Work order
A word-for-word copy of all entries is required, without images.

Data excerpts
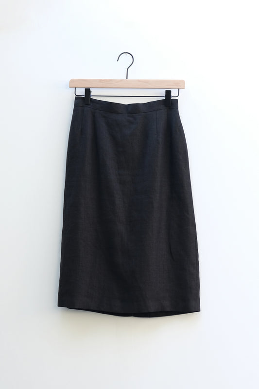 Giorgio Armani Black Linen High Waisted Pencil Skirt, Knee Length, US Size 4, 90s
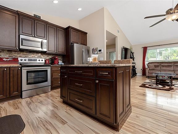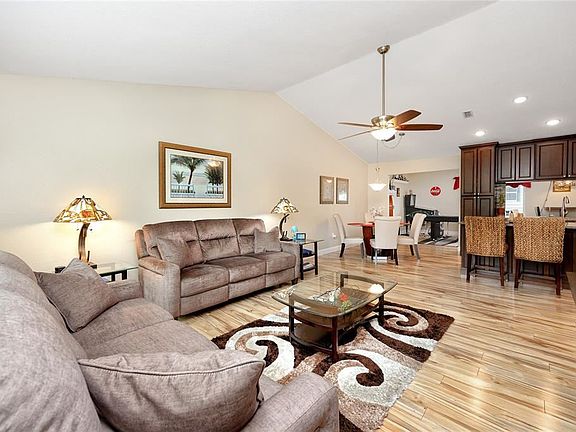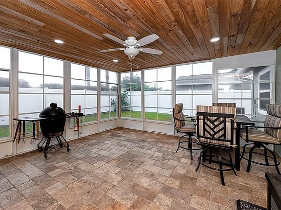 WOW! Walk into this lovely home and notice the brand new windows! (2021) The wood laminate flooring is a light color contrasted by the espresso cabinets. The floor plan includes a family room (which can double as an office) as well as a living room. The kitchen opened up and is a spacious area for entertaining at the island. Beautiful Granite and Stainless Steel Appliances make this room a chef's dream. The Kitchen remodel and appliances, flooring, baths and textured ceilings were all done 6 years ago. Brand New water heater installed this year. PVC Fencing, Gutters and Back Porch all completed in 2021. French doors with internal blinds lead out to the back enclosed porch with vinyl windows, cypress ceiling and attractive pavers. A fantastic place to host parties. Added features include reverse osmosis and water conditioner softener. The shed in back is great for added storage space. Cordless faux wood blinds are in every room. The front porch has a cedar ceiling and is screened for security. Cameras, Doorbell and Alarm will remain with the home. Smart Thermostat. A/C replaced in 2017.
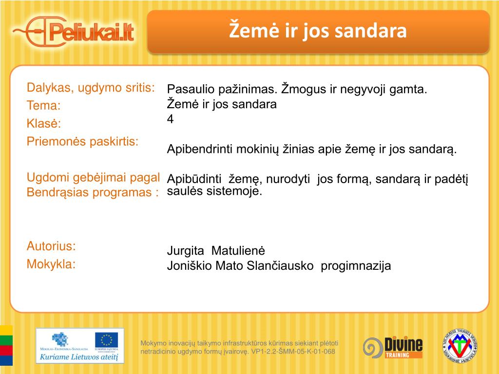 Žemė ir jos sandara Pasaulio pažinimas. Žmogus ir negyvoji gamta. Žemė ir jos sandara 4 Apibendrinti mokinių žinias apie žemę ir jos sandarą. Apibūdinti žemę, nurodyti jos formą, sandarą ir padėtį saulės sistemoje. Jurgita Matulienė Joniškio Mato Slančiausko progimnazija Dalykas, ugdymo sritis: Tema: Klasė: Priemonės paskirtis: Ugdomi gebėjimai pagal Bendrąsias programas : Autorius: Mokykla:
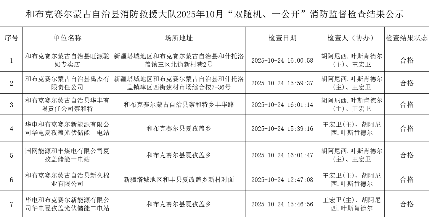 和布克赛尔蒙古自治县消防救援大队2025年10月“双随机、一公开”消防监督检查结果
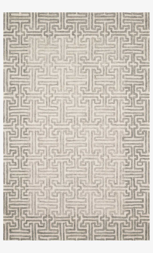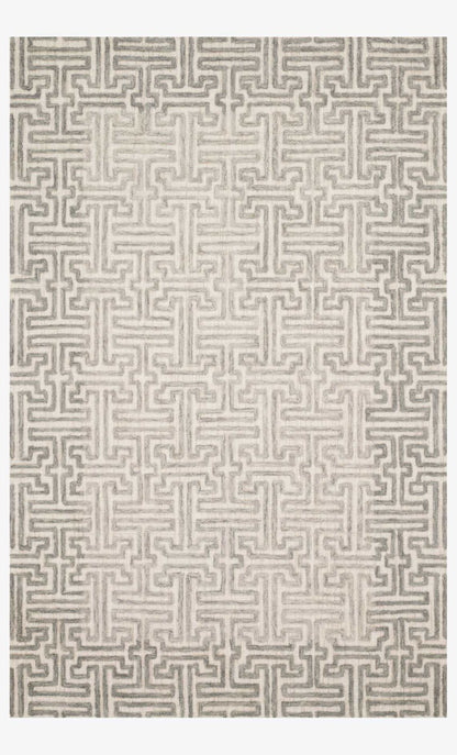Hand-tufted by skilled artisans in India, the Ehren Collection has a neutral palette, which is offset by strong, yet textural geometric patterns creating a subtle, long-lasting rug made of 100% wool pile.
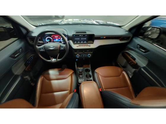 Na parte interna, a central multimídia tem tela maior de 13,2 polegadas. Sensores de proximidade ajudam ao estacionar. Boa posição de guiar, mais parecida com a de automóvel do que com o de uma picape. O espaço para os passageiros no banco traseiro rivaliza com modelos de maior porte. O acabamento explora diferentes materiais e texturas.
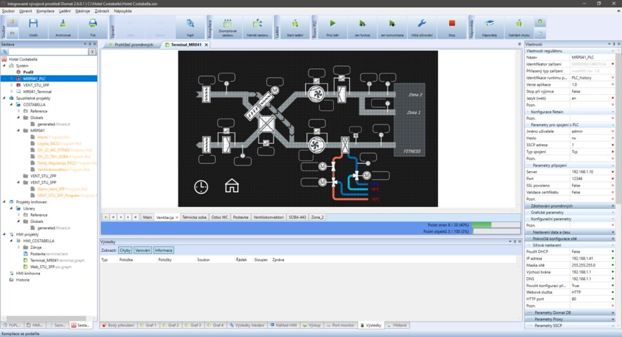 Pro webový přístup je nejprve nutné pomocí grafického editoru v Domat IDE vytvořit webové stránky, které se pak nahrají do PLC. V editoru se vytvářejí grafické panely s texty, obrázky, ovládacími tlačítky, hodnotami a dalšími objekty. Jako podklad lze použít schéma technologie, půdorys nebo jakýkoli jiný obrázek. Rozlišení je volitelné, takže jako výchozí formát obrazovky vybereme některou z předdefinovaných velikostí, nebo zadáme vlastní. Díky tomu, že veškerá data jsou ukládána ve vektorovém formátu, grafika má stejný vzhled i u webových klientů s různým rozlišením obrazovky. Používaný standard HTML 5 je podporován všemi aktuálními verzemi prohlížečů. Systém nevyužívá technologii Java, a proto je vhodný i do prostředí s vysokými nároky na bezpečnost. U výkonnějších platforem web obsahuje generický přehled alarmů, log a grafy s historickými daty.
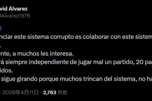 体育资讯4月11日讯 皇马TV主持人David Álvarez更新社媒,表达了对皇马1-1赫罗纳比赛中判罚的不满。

Result for this exercise
 Giorgio Armani Black Linen High Waisted Pencil Skirt, Knee Length, US Size 4, 90s
 WOW! Walk into this lovely home and notice the brand new windows! (2021) The wood laminate flooring is a light color contrasted by the espresso cabinets. The floor plan includes a family room (which can double as an office) as well as a living room. The kitchen opened up and is a spacious area for entertaining at the island. Beautiful Granite and Stainless Steel Appliances make this room a chef's dream. The Kitchen remodel and appliances, flooring, baths and textured ceilings were all done 6 years ago. Brand New water heater installed this year. PVC Fencing, Gutters and Back Porch all completed in 2021. French doors with internal blinds lead out to the back enclosed porch with vinyl windows, cypress ceiling and attractive pavers. A fantastic place to host parties. Added features include reverse osmosis and water conditioner softener. The shed in back is great for added storage space. Cordless faux wood blinds are in every room. The front porch has a cedar ceiling and is screened for security. Cameras, Doorbell and Alarm will remain with the home. Smart Thermostat. A/C replaced in 2017.
 Žemė ir jos sandara Pasaulio pažinimas. Žmogus ir negyvoji gamta. Žemė ir jos sandara 4 Apibendrinti mokinių žinias apie žemę ir jos sandarą. Apibūdinti žemę, nurodyti jos formą, sandarą ir padėtį saulės sistemoje. Jurgita Matulienė Joniškio Mato Slančiausko progimnazija Dalykas, ugdymo sritis: Tema: Klasė: Priemonės paskirtis: Ugdomi gebėjimai pagal Bendrąsias programas : Autorius: Mokykla:
 和布克赛尔蒙古自治县消防救援大队2025年10月“双随机、一公开”消防监督检查结果
Hand-tufted by skilled artisans in India, the Ehren Collection has a neutral palette, which is offset by strong, yet textural geometric patterns creating a subtle, long-lasting rug made of 100% wool pile.
 Na parte interna, a central multimídia tem tela maior de 13,2 polegadas. Sensores de proximidade ajudam ao estacionar. Boa posição de guiar, mais parecida com a de automóvel do que com o de uma picape. O espaço para os passageiros no banco traseiro rivaliza com modelos de maior porte. O acabamento explora diferentes materiais e texturas.
 Pro webový přístup je nejprve nutné pomocí grafického editoru v Domat IDE vytvořit webové stránky, které se pak nahrají do PLC. V editoru se vytvářejí grafické panely s texty, obrázky, ovládacími tlačítky, hodnotami a dalšími objekty. Jako podklad lze použít schéma technologie, půdorys nebo jakýkoli jiný obrázek. Rozlišení je volitelné, takže jako výchozí formát obrazovky vybereme některou z předdefinovaných velikostí, nebo zadáme vlastní. Díky tomu, že veškerá data jsou ukládána ve vektorovém formátu, grafika má stejný vzhled i u webových klientů s různým rozlišením obrazovky. Používaný standard HTML 5 je podporován všemi aktuálními verzemi prohlížečů. Systém nevyužívá technologii Java, a proto je vhodný i do prostředí s vysokými nároky na bezpečnost. U výkonnějších platforem web obsahuje generický přehled alarmů, log a grafy s historickými daty.
 体育资讯4月11日讯 皇马TV主持人David Álvarez更新社媒,表达了对皇马1-1赫罗纳比赛中判罚的不满。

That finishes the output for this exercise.